Miss Island Philippines
- Type: Women Beauty Pageant
- Parent organization: ALV Pageant Circle
- Country represented: Philippines
- Qualifies for: Miss Global Miss Asia Pacific International Universal Woman Face of Beauty International Miss Tourism International Miss Tourism Worldwide Miss Tourism Queen of the Year International
- First edition: 2027
- Most recent edition: 2027
- President & CEO: Arnold L. Vegafria
- Language: Filipino; English;

= Miss Island Philippines =

Filipino beauty pageant competition

Miss Island Philippines is a Philippine beauty pageant that was announced in 2026 by ALV Pageant Circle, headed by pageant organizer Arnold Vegafria, with its inaugural edition planned for 2027. The name was first used for a national pageant held in 2008.
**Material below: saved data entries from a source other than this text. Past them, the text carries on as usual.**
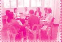
老師們輕鬆地分享工作上遇到的壓力
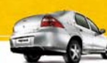
PRISMA MAXX 1.4 2011 Pl. 0311 - DH/VE/TE R$ 22.900
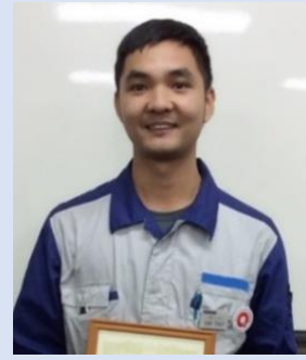
トウイさん (ベトナム)
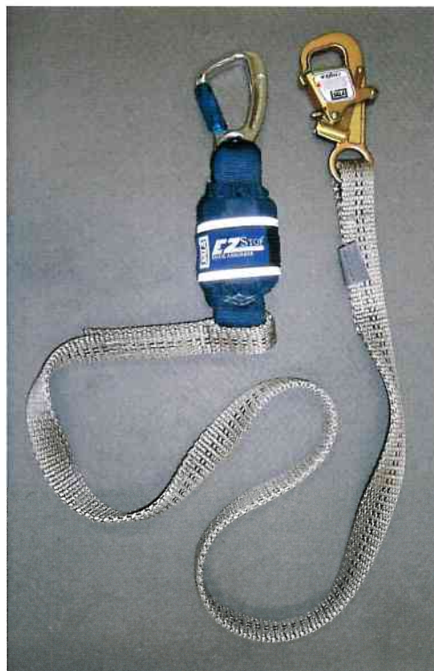
Typ / Type 1245544
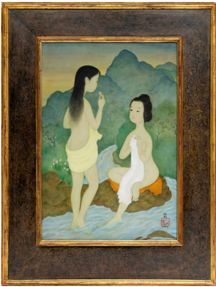
Mai-Thu, La Source . Vanves, 1966. Couleurs sur soie Collection Almine et Bernard Ruiz Picasso © Comité Mai-Thu, Adagp, Paris, [2024] / photo Ana Drittanti
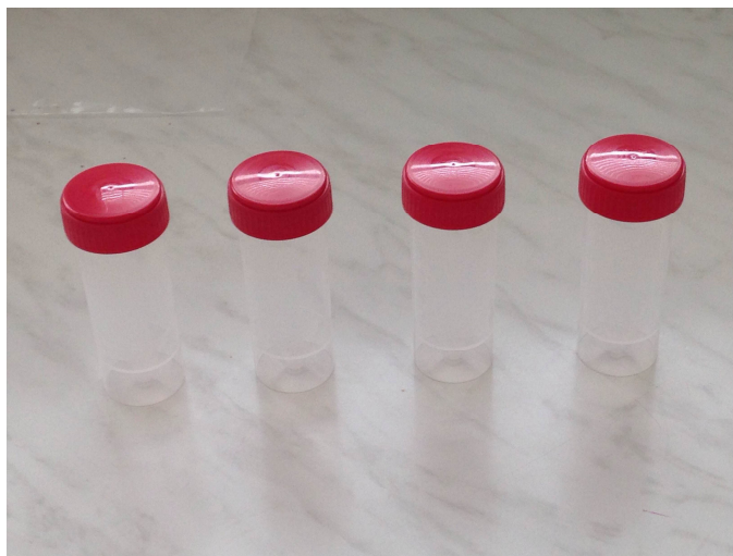
Obr 3: Vzorkovnice.

Zmesné vzorky po odbere odovzdajú chovatelia na regionálnej veterinárnej a potravinovej správe. Táto zabezpečí vypísanie sprievodného dokladu a odošle vzorky do národného referenčného laboratória v Dolnom Kubíne alebo veterinárnych a potravinových ústavov Bratislava a Košice.
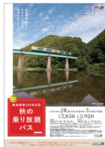
「鉄道開業150年記念 秋の乗り放題パス」ポスター

※STATION STAMPの対象駅は、WEBアプリ「TRAIN TRIP」からSTATION STAMP内の「よくあるご質問」でご確認いただけます。
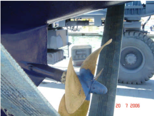
Et bøjet propelblad
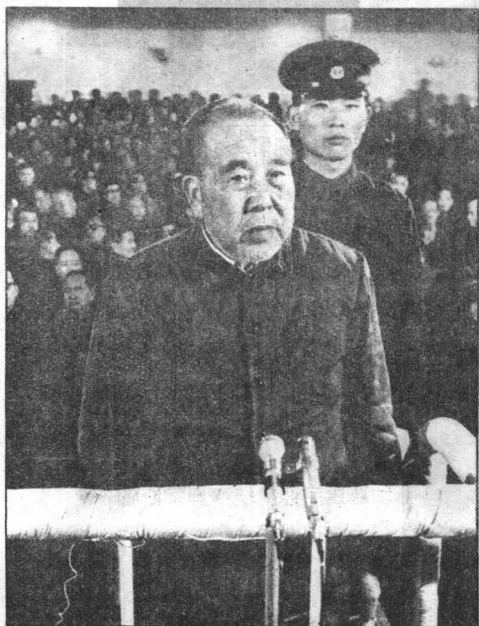
◀葉羣的情夫黃永勝。
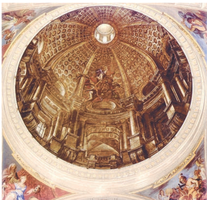
Finta cupola nella Chiesa di S. Ignazio a Roma di Andrea Pozzo (1694).

di Andrea Pozzo nella Chiesa di S. Ignazio a Roma, gli affreschi di Paolo Veronese (1528-1588).
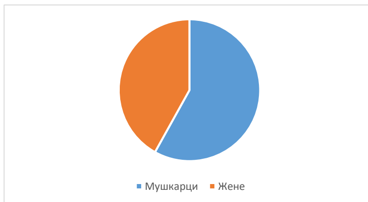
Графикон 2: Захтеви за реадмисију према полу повратника, 2017. година
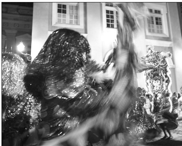
BRILHO - Maracatu encantou público presente ao evento

Durante cerca de uma hora, os artistas adiantaram para o público que prestigiou o evento o que será mostrado aos foliões no Carnaval
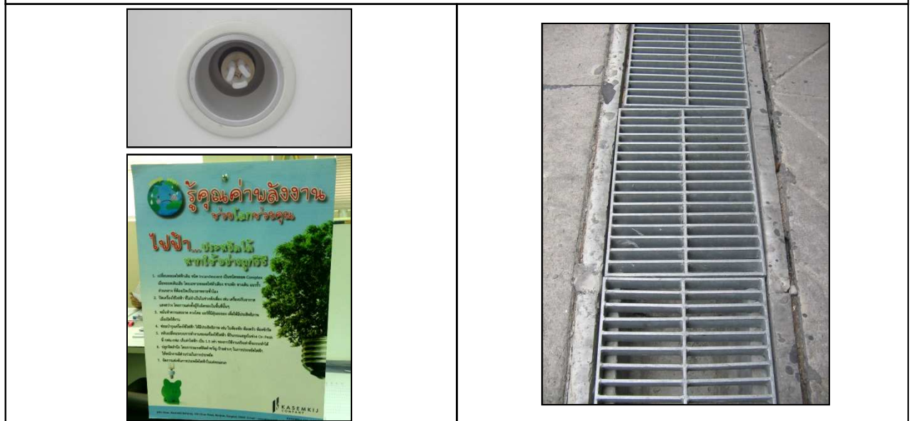
ภาพที่ 2-3 หลอดไฟประหยัดพลังงาน
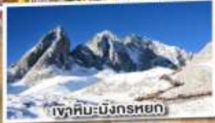
ภูเขาหิมะมิงกรหยก
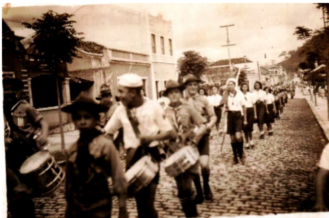
Excursão a Antonina – Desfile – 1943

Em 25 de agosto de 1943, a Associação de Escoteiros Escolares passa a denominar-se Associação Escoteira General Rondon. O lenço dos escolares, que era amarelo, passou a ser marrom com um friso branco.

The planned 2027 pageant is expected to serve as a national selection platform for several international beauty pageants, including Miss Global, Miss Asia Pacific International, Universal Woman, Face of Beauty International, Miss Tourism International, Miss Tourism Worldwide, and Miss Tourism Queen of the Year International.

== Background ==

=== History ===

==== 2008 pageant ====
The first known Miss Island Philippines competition was held in 2008 at the SMX Convention Center in Pasay City. Karen May Manalo was crowned Miss Island Philippines – Tourism, while AJ Surjani won the Miss Island Philippines – Bikini of the World title.

Manalo was designated to represent the Philippines at the Miss Tourism International competition in Malaysia, while Surjani was slated to compete at Miss Bikini of the World in Venezuela.

==== 2026 relaunch ====
In August 2026, Arnold Vegafria announced plans to mount a new national beauty pageant under the name Miss Island Philippines. The announcement followed ALV Pageant Circle's loss of the Miss Grand Philippines franchise.

The inaugural edition is planned for 2027, with the coronation scheduled to be held at the Mall of Asia Arena in Pasay City.

=== Titles ===
Note that the year designates the time ALV Pageant Circle has acquired that particular pageant franchise.

Current titles
| Membership under Miss Island Philippines | Year | Wins |
| Miss Global | 2026 – Present | 0 |
| Miss Asia Pacific International | 2025 – Present | 0 |
| Face of Beauty International | 2024 – Present | 2 (2024, 2025) |
| Miss Tourism International | 2026 – Present | 0 |
| Miss Tourism Worldwide | 2026 – Present | 1 (2026) |
| Miss Tourism Queen of the Year International | 2026 – Present | 0 |
| Membership under Miss World Philippines | Year | Wins |
| Miss World | 2011 – Present | 1 (2013) |
| Reina Hispanoamericana | 2017 – Present | 2 (2017, 2025) |
| Universal Woman | 2024 – Present | 1 (2024) |
| Miss Elite | 2026 – Present | 1 (2026) |
| Miss Interglobal | 2026 – Present | 1 (2026) |
| Miss Glamour Look International | 2026 – Present | 0 |
Former titles
| Membership | Year | Wins |
| Miss Grand International | 2023 – 2025 | 2 (2024, 2025) |
| Miss Supranational | 2021 – 2022 | 0 |
| Miss Eco International | 2018 – 2023 | 2 (2018, 2022) |
| Miss Tourism World | 2022 | 0 |
| Miss Multinational | 2017 – 2024 | 1 (2017) |
| Miss Environment International | 2021 | 0 |
| Miss Eco Teen International | 2019 – 2022 | 1 (2020) |
| Miss Teen International | 2026 | 0 |
Special title
| Miss Tourism | 2019 – 2024 |  |

== Editions ==
Below is the complete list of Miss Island Philippines editions.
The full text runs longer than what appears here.